In the December 2002 edition of Growth, Genetics & Hormones (Vol. 18. No. 4 ), two articles (Imaizumi K, et al. Am J Med Gent 2002;107:58-60; Kurotaki N, et al.  Nat Gen 2002;30:365-366) were abstracted under the title A Gene as a Major Cause of Sotos Syndrome Has Been Identified.  The authors are reported to state that the identification of a deletion or mutation of this mutated gene on chromosome 5 will sometimes help in the diagnosis of Sotos syndrome, etc.  Both Dr. Judy Hall and Dr. William Horton gave cogent editorial comments.

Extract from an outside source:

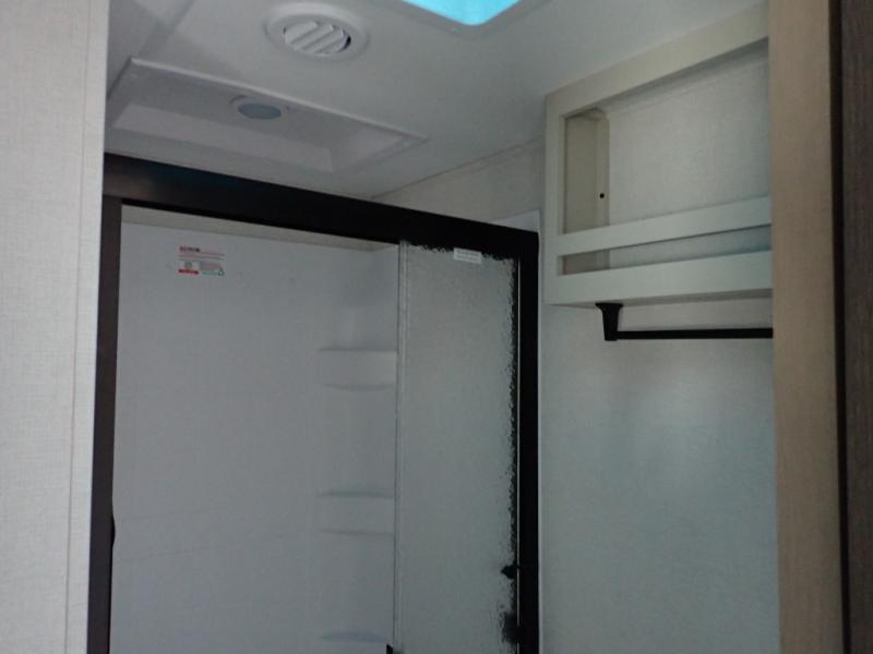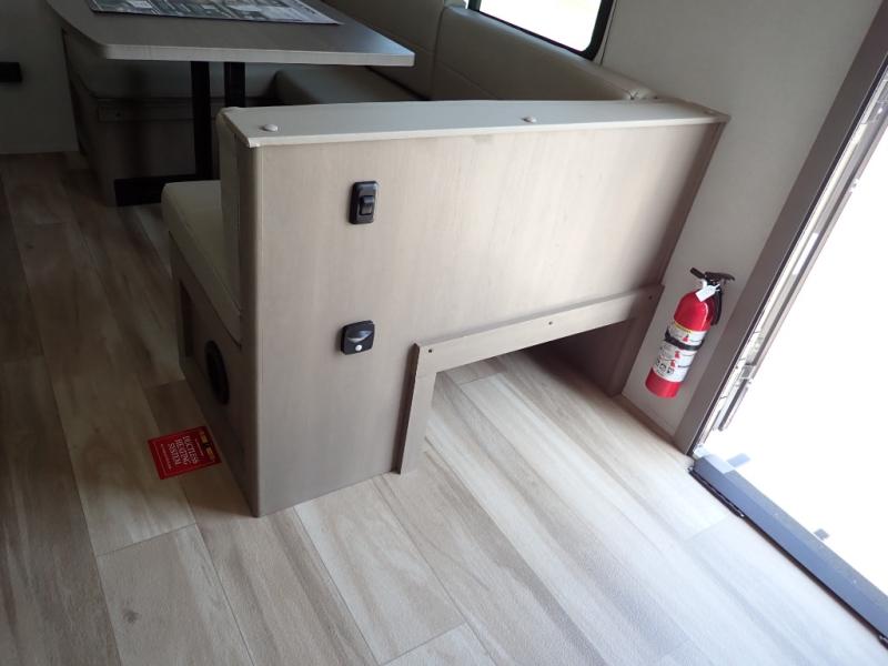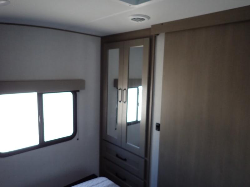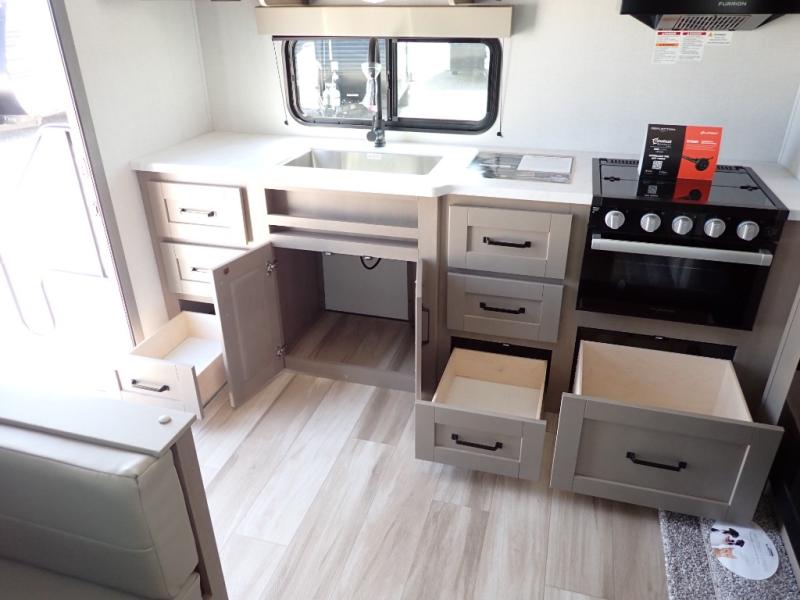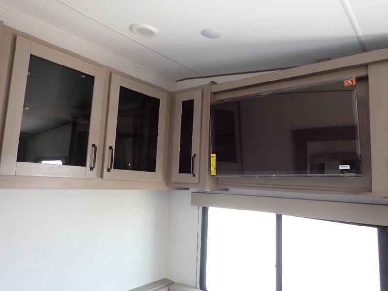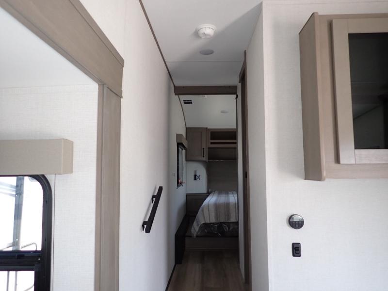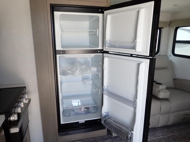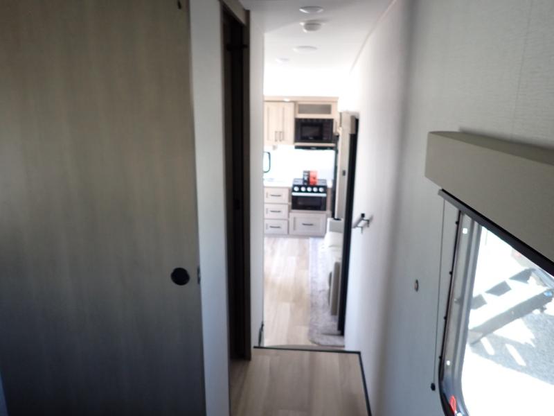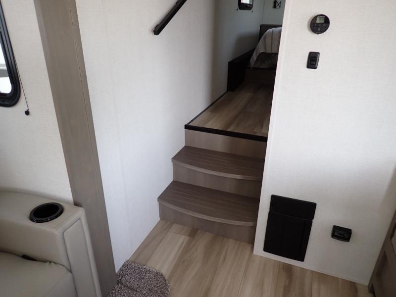 This rear kitchen fifth wheel is sure to meet all of your camping needs! Since the exterior length is only 26' 11", you can easily maneuver in and out of campgrounds. The rear kitchen includes ample counter space to prep meals, a three burner cooktop, and overhead storage for all your necessities. There is a 10 cu. ft. 12V refrigerator within the slide out that also includes the theater seating, and the U-shaped dinette provides a place to dine or play a card game. You will appreciate having convenient storage by the entry door, along with pull-out pet bowls, a functional wardrobe closet in the bedroom and an exterior pass-thru for belongings and camping gear. When you're ready to turn in for the night, the queen bed is sure to bring a great night's rest, while your guests sleep on the booth dinette or optional tri-fold sofa if you replace the theater seating!

However more recent evidence indicates that additional knowledge gained by Kurotaki and others should be considered by clinicians and investigators attempting to use identification of a deletion or mutation of this mutated gene (NSD1) to help in the diagnosis of Sotos syndrome.  Specifically, at the ASHG meeting in October 2002, Kurotaki et al from Japan reported finding point mutations and deletions of the NSD1 gene in a large series of patients and Clech et al from Paris reported their findings in 39 patients. Only 14 were felt to have typical Sotos syndrome; four had a NSD1 deletion of paternal origin. It had previously been suggested that based on similarity of the phenotypes, Sotos and Weaver syndromes might be allelic disorders. Rahman et al from the UK reported that >40% of patients with typical Sotos syndrome had intragenic mutations in NSD1 and 3 of 7 patients with Weaver syndrome had intragenic NSD1 mutations. In each of these series, patients with a combination of overgrowth and mental retardation, but without typical features of either Sotos or Weaver syndrome, were not found to have deletions or intragenic mutations of NSD1.

These reports collectively demonstrate that the majority of patients with typical Sotos and Weaver syndrome have intragenic mutations or deletions of NSD1, and thus, represent allelic disorders. However, the combination of overgrowth and mental retardation represents a heterogeneous phenotype in which only a portion is accounted for by abnormalities of NSD1.